両リーグで優勝を経験した山田選手にも、統一プロリーグ問題について触れてもらった。
「大変な問題だと思います。男子はここ最近オリンピックには出られていませんが、女子に関してはアジアでチャンピオンになっていますし、女子まで国際大会へ出場停止となってしまうのはどうかと思います。
また、WJBLは早々に1部と2部が合併したわけですし、プロ(クラブチーム)と企業も関係なくできています。そこをどうやるのかというのは、本当に難しい問題だと思います。
今日も応援に来てくれたクリニックの子どもたちがいましたが、その子たちのためにも、しっかり話し合ってクリアにしてもらいたいです。
両方のリーグにも良い部分がありますが、現状の集客面ではファイナルを観てもbjリーグの方が人は入っているわけですし、そういうところは受け入れなければいけないのかなと思います。
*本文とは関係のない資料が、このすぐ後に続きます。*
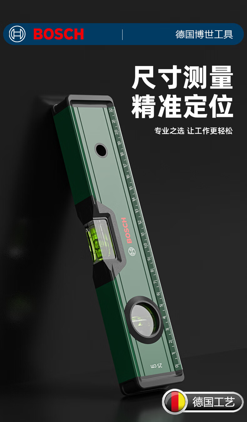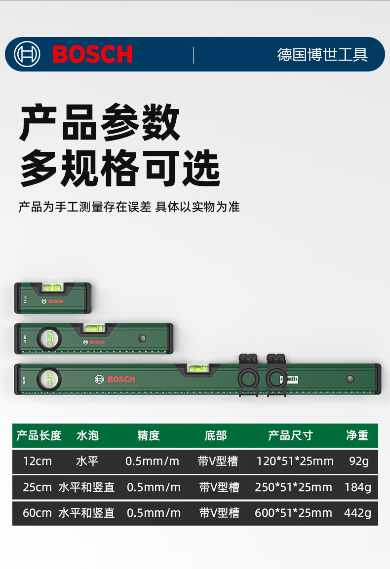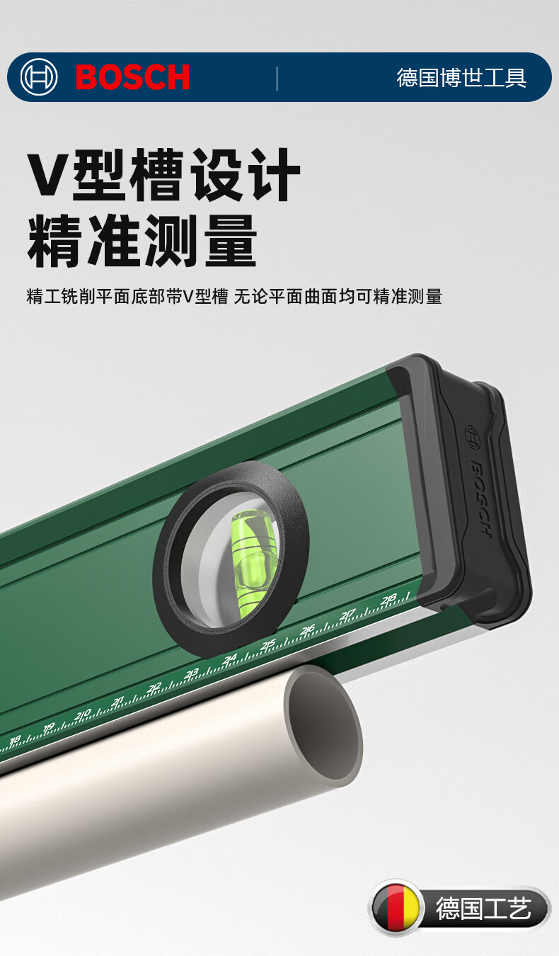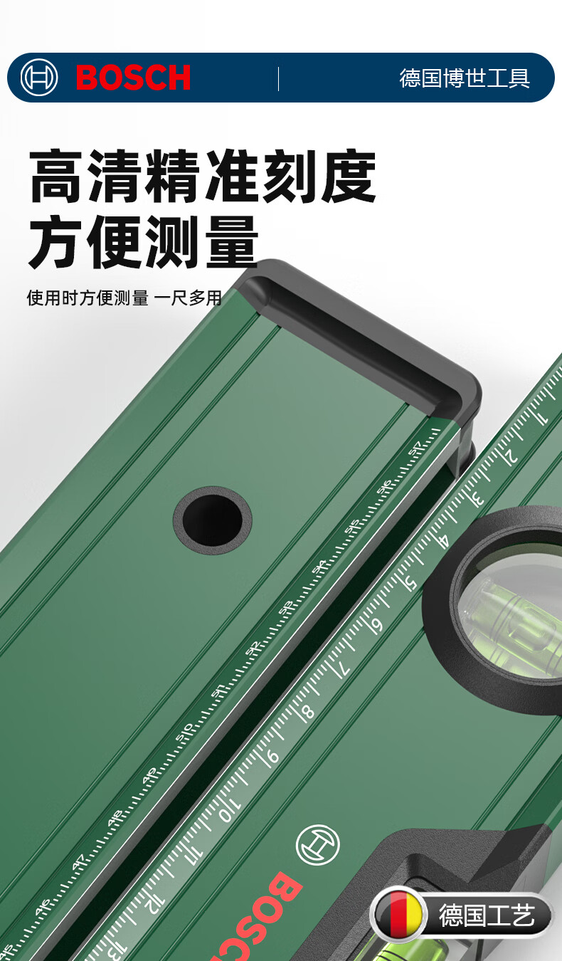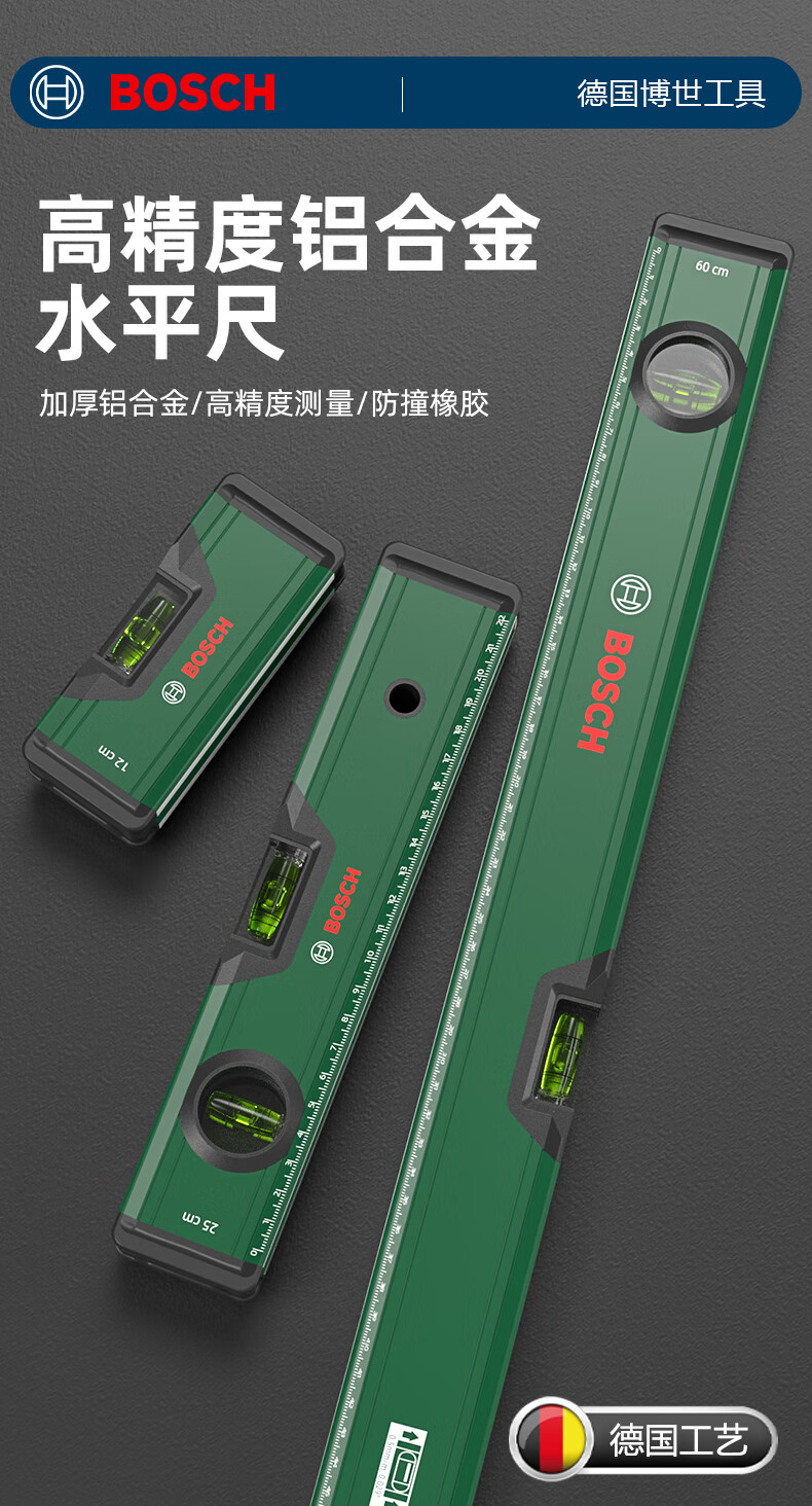 Bosch (BOSCH) spirit level high-precision aluminum alloy multi-functional flat water ruler measuring ruler tilt angle balancer with V-shaped groove aluminum alloy spirit level 12cm
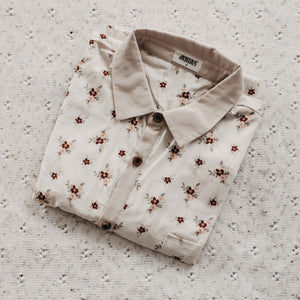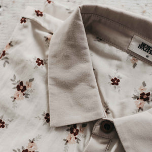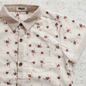 Boys collared dress shirt in floral print.  Features button down front and front pocket. Pair with the boys Beige Shorts for the complete outfit.
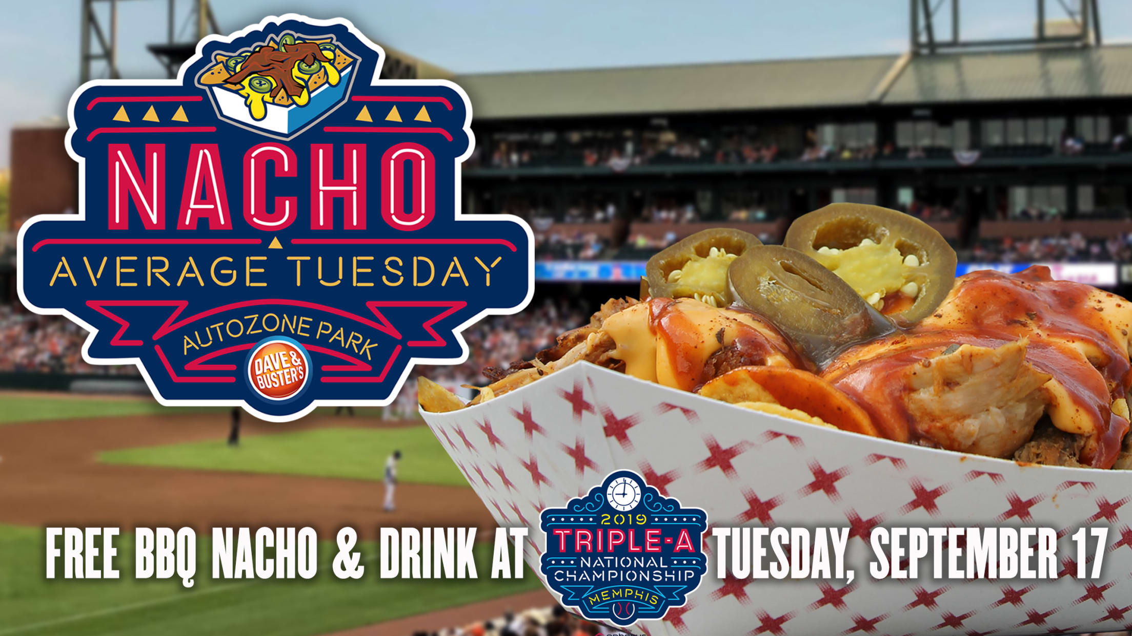 All fans at the Triple-A National Championship Game at AutoZone Park on Tuesday, Sept. 17 will receive a free order of BBQ Nachos and a free soda or bottled water, as part of "Nacho Average Tuesday" presented by Dave & Buster's.
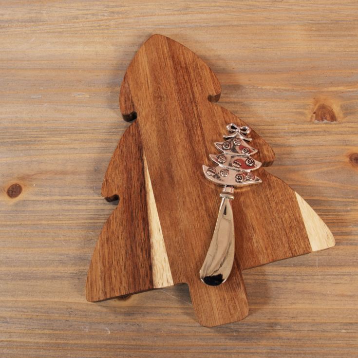 An acacia wooden cheeseboard and silver Christmas Tree knife from the irresistibly regal Royal Affair Collection: bringing merriment and majesty to your festive season.
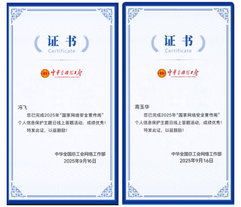 本次云南省2025年国家网络安全宣传周线上答题活动时间为9月15日至9月23日21时。活动期间,每次答题从题库中随机抽取5道题目,答对3道(含)以上者即可获取电子参与证书。公司倡导全体员工主动参与,水汽工会积极响应,组织员工参与完成网络安全线上答题活动,为自己不断增强网络安全意识。
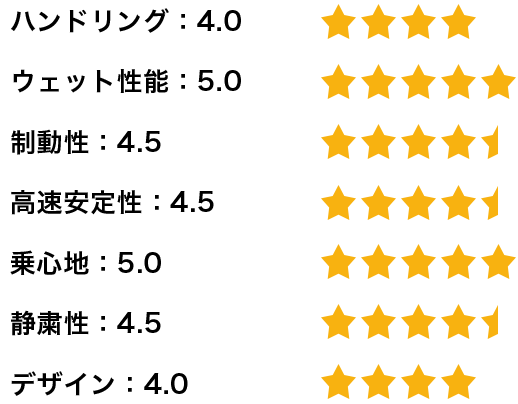 音の静かさも、ハンドリングも率直に言ってこれまでのプレミアムタイヤと変わらず、コストパフォーマンスが高いタイヤだと思いました。
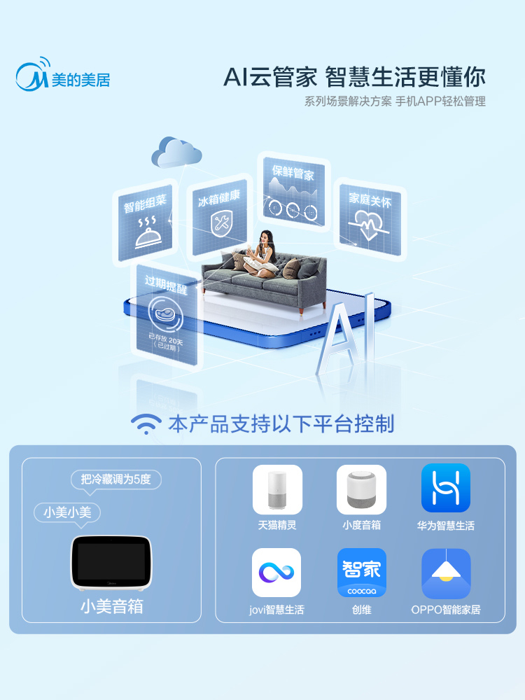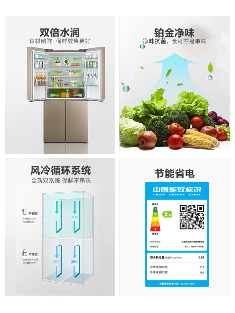 Midea 468 inverter refrigerator 4 four-door home energy-saving air-cooled frost-free cross-pair double-door smart home appliances
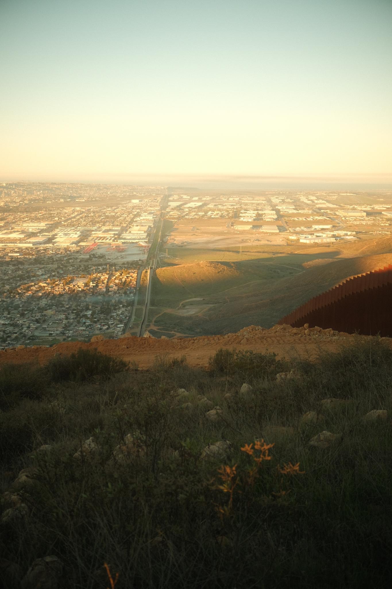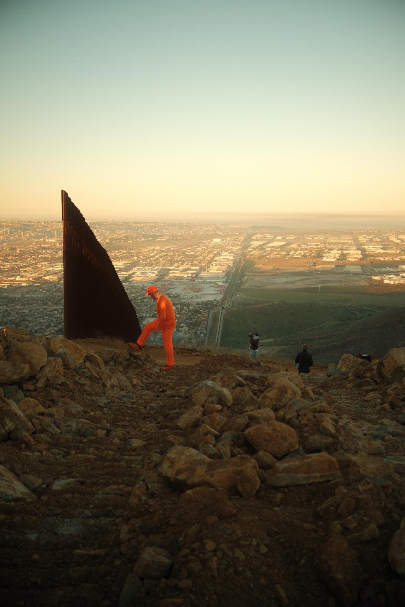 Dawn broke over the border wall in shards as we rode in between two fences up sinuous Otay Mountain roads. The barely there sunshine, a rhythm. It yanked itself between the railing of the walls with a strobe effect. It reminded me of structural film,11 where the screen flashes so intensely, it’s physical. Squinting hard against the flicker, we could barely see as we wound up the mountain. The landscape had impairment12 built into it, the physical sensation of being there rife with hostility. We paused at a clearing. The landscape was scorched orange, heat sweeping the viewshed against faded denim skies. The vantage point opened over the 800-acre detention supersite on the Otay Mesa. It houses the for-profit Otay Mesa Detention Center, run by CoreCivic,13 as well as the California State Richard J. Donovan Correctional Facility, the county George Bailey Detention Facility, and the East Mesa Juvenile Detention/Reentry Facility. Despite the density of carceral infrastructure, the US side of the border was relatively bare. By contrast, the architectural consumption and maquiladora sprawl of the Mexican side consumed the landscape. There was life right up to the edge. The view was gross in its beauty, heavenly in the way things you can’t touch are. Zooming out from the vista and in toward our boots, the terrain beneath our feet was grain brown and craggy, with deep gashes left from bulldozers and quarry trucks that moved exploded bedrock in the distance. Construction of the double border wall was still underway. Contractors continued their work, indifferent to us passing through.

もちろんNBLは、ずっと実業団リーグとしてやってきたわけですから、企業チームとしての意見もあるかと思います。すごく難しい問題だと思いますし、早くしなければいけないのでしょうがなかなか答えが出る問題ではないと僕は思います。トップ同士がしっかり話し合いをして、良い方向に持って行かないと、今後バスケットボールというものが本当にリーグとして無くなってしまうのではないか、という不安もあります。このまま状態ではいけないと思うので、早急に話し合った方が良いと思っています。
メディアで取り上げてもらわないといけないですし、2020年に東京オリンピックがあるわけですから、そこに日本が出ていないのはやっぱりよくないのかなと思います」

最後に、古巣のリンク栃木との対戦を臨んでいるかを聞いた。
「お互いプロチームですので、対戦してみたい気持ちはあります。切磋琢磨になるし、対戦することで良い勉強になると思います。今年のプレシーズンは交流戦も盛んに行われていたので、ある程度のお互いのレベルも分かったと思います。バスケットの堅実さやパフォーマンスの良さも分かるので、交流しているのは良い方向に向かっているのかなとは思います」

山田選手は毎週金曜20:30〜21:00にFM湘南ナパサ(78.3MHz)で「それいけビーコル!謙治のラジオ」という情報番組を持っている。ネット環境があれば、サイマルラジオでどこからでも聞くことが可能だ。